Among the important temples here is the Narasirnha temple of the Hoysala period with a 7 ft high image of Ugra Narasimha made of black stone.

- Varadarajawamy temple
Maddur's Varadaraja temple is an early Chola or pre-Chola structure. Its 12 ft high Alialanatha deity is elaborately carved both in front and on the back with unusual features which has led to the Kannada saying 'Ella Devara Munde Nodu Allalanathana hinde nodu' - 'All other idols are to be seen from the front but Allalanatha is to be seen from the back'. The temple was built by king Vishnuvardhana (formerly known as Bitti Deva).

- Vaidyanathapura – Vidyanatheswara Temple
- Shivapura - Shivapur in Maddur is famous for the historical monument Satyagraha Soudha the symbolic structure of Maddur where Mahatma Gandhi had sat for Satyagraha against the British along with other freedom fighters. An inspiring monument of India's freedom struggle located adjacent to the Mysuru-Bengaluru highway at Shivapura of Maddur taluk in Mandya District Built to commemorate the Shivapura Flag Satyagraha of 1938.
- Kokkarebellur – Kokkare Bellur, is a famous bird sanctuary located in maddur taluk. Its 12 km from Maddur town.

===Jain temple===
A Jain temple or Derasar is the place of worship for Jains, the followers of Jainism. Jain architecture is essentially restricted to temples and monasteries, and secular Jain buildings generally reflect the prevailing style of the place and time they were built.

Jain temple architecture is generally close to Hindu temple architecture, and in ancient times Buddhist architecture. Normally the same builders and carvers worked for all religions, and regional and period styles are generally similar. For over 1,000 years the basic layout of a Hindu or most Jain temples has consisted of a small garbhagriha or sanctuary for the main murti or cult images, over which the high superstructure rises, then one or more larger mandapa halls.

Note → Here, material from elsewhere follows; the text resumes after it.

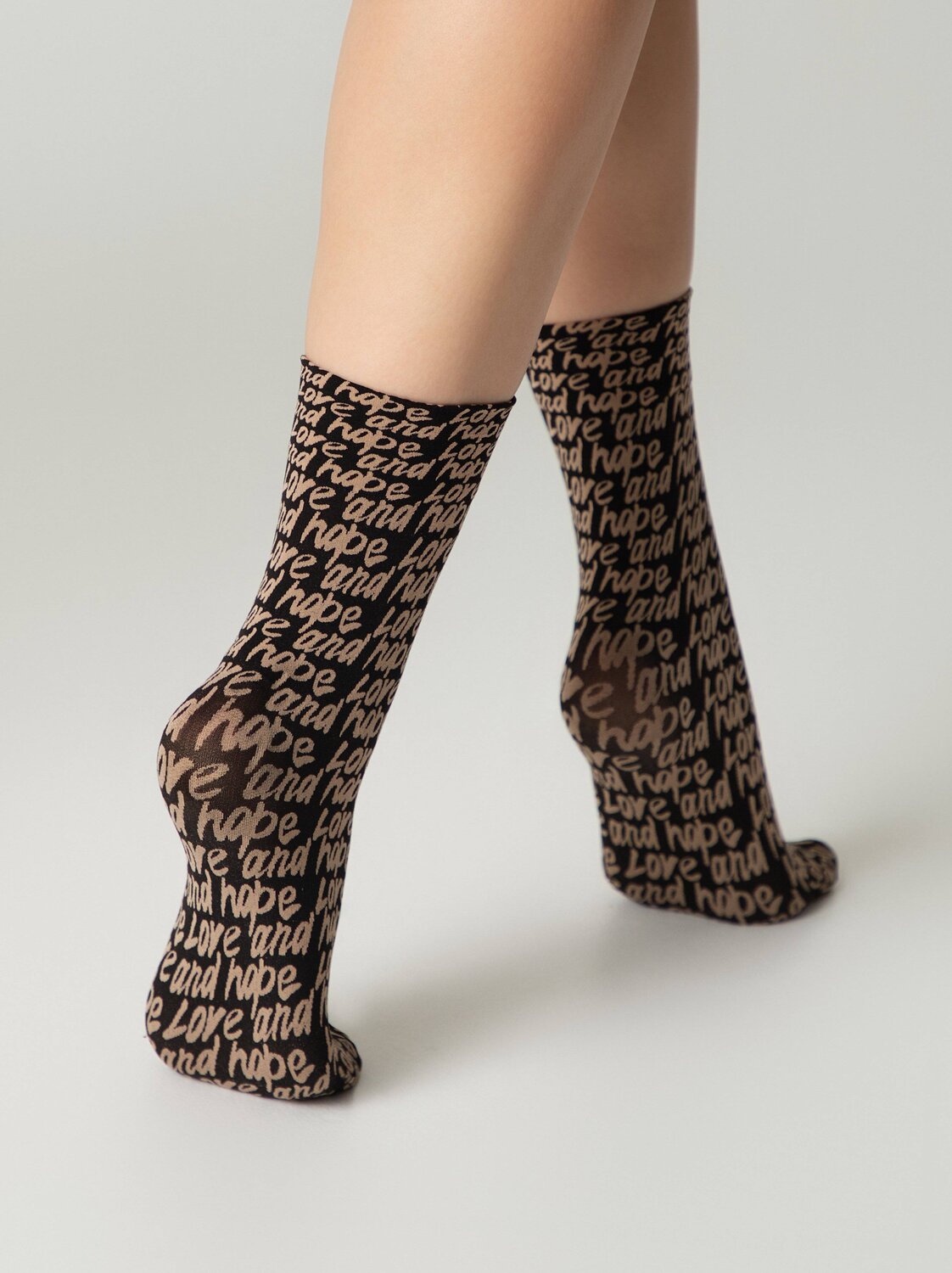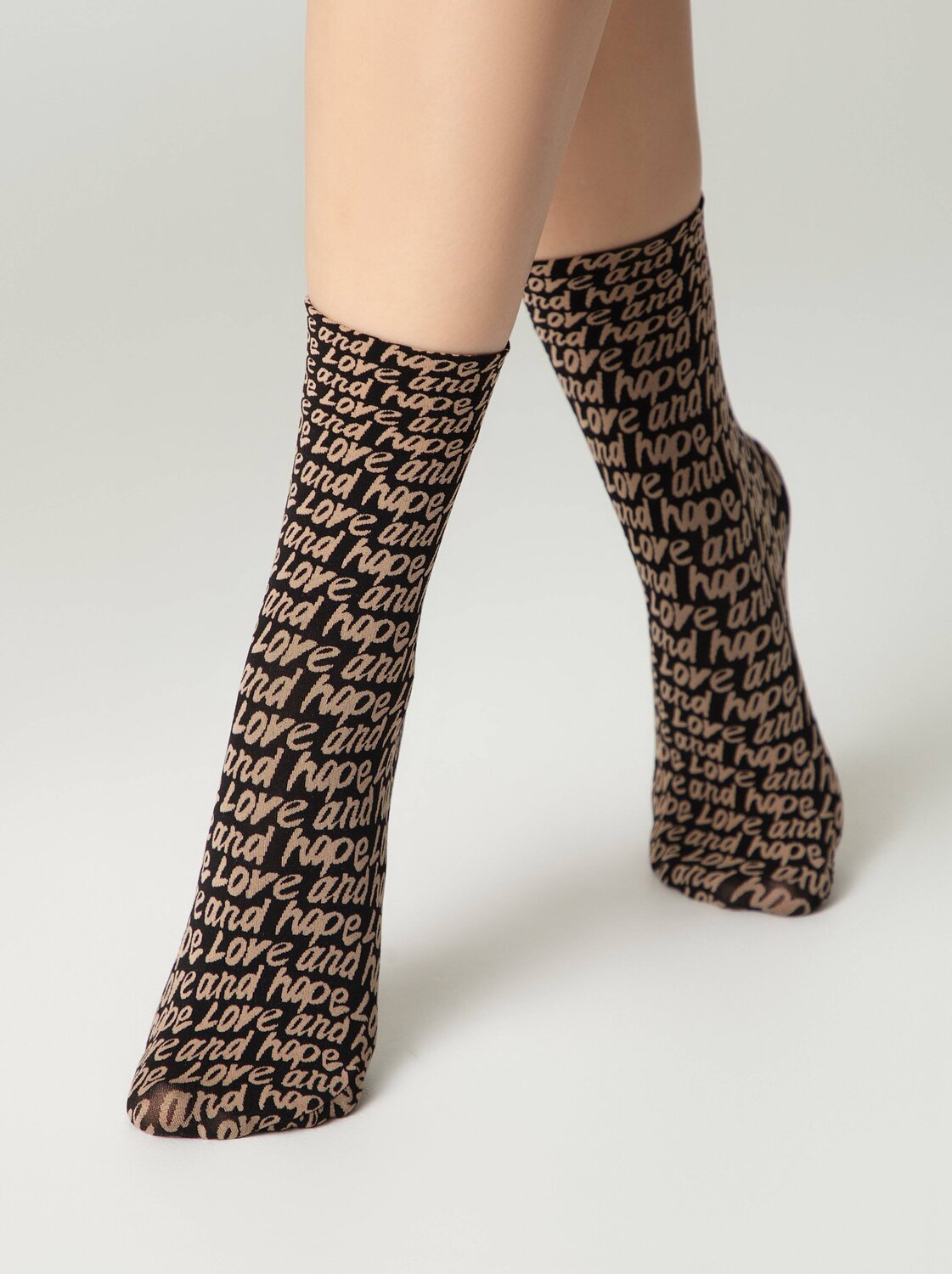 Плотные носки с вывязанным рисунком «Love» станут эффектным дополнением ваших повседневных образов и подарят комфорт в прохладную погоду.
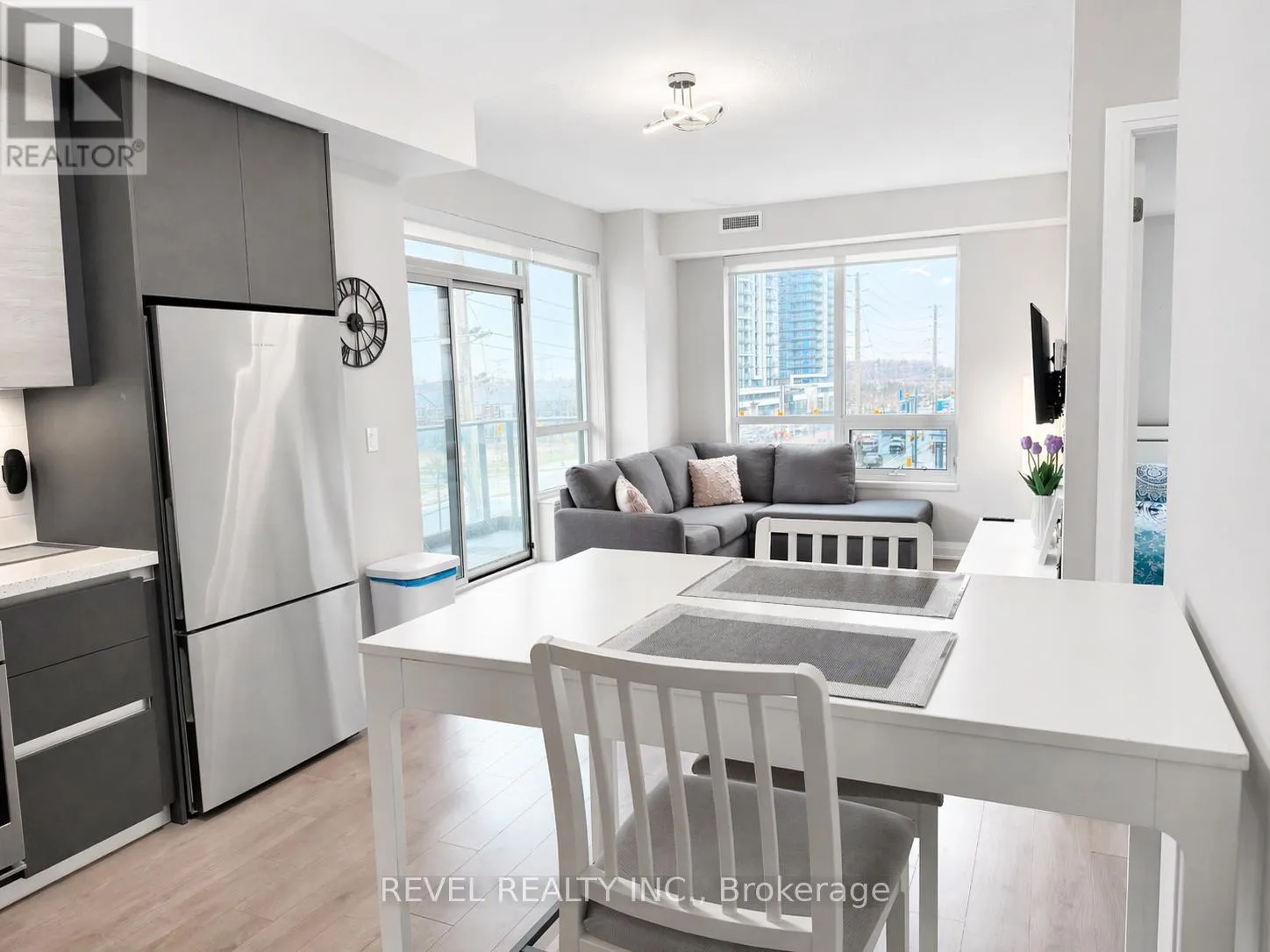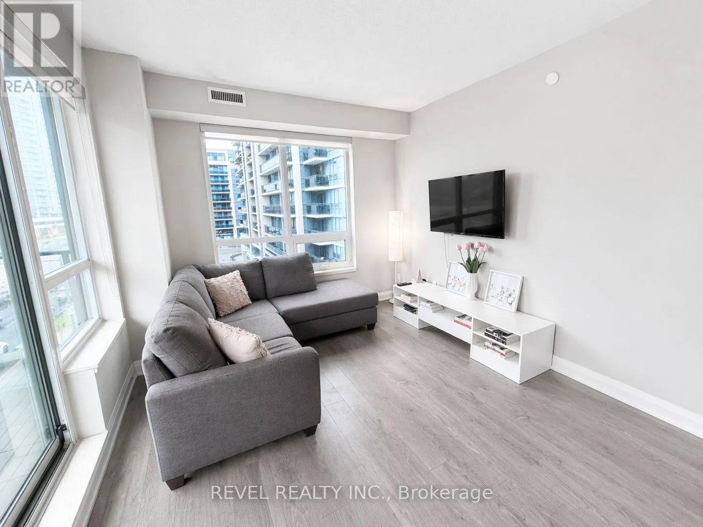 Step into refined condo living at Valleymede Towers. This rarely offered corner suite offers just under 1,000 sq ft, featuring 2 bedrooms, a versatile den, and 2 full bathrooms. Available fully furnished, it provides a seamless, move in ready experience. The bright southwest exposure fills the open concept layout with natural light, complemented by 9 foot ceilings and a private

Māru-Gurjara architecture or the "Solanki style" is, a particular temple style from Gujarat and Rajasthan (both regions with a strong Jain presence) that originated in both Hindu and Jain temples around 1000, but became enduringly popular with Jain patrons. It has remained in use, in somewhat modified form, to the present day, indeed also becoming popular again for some Hindu temples in the last century. The style is seen in the groups of pilgrimage temples at Dilwara on Mount Abu, Taranga, Girnar and Palitana.

In 2016, Archaeological Survey of India (ASI) excavated another 13 feet statue of Bahubali made in the 3rd - 9th centuries on another hillock located opposite the basadis in Arthipura. Excavation work is expected to be completed by 2018.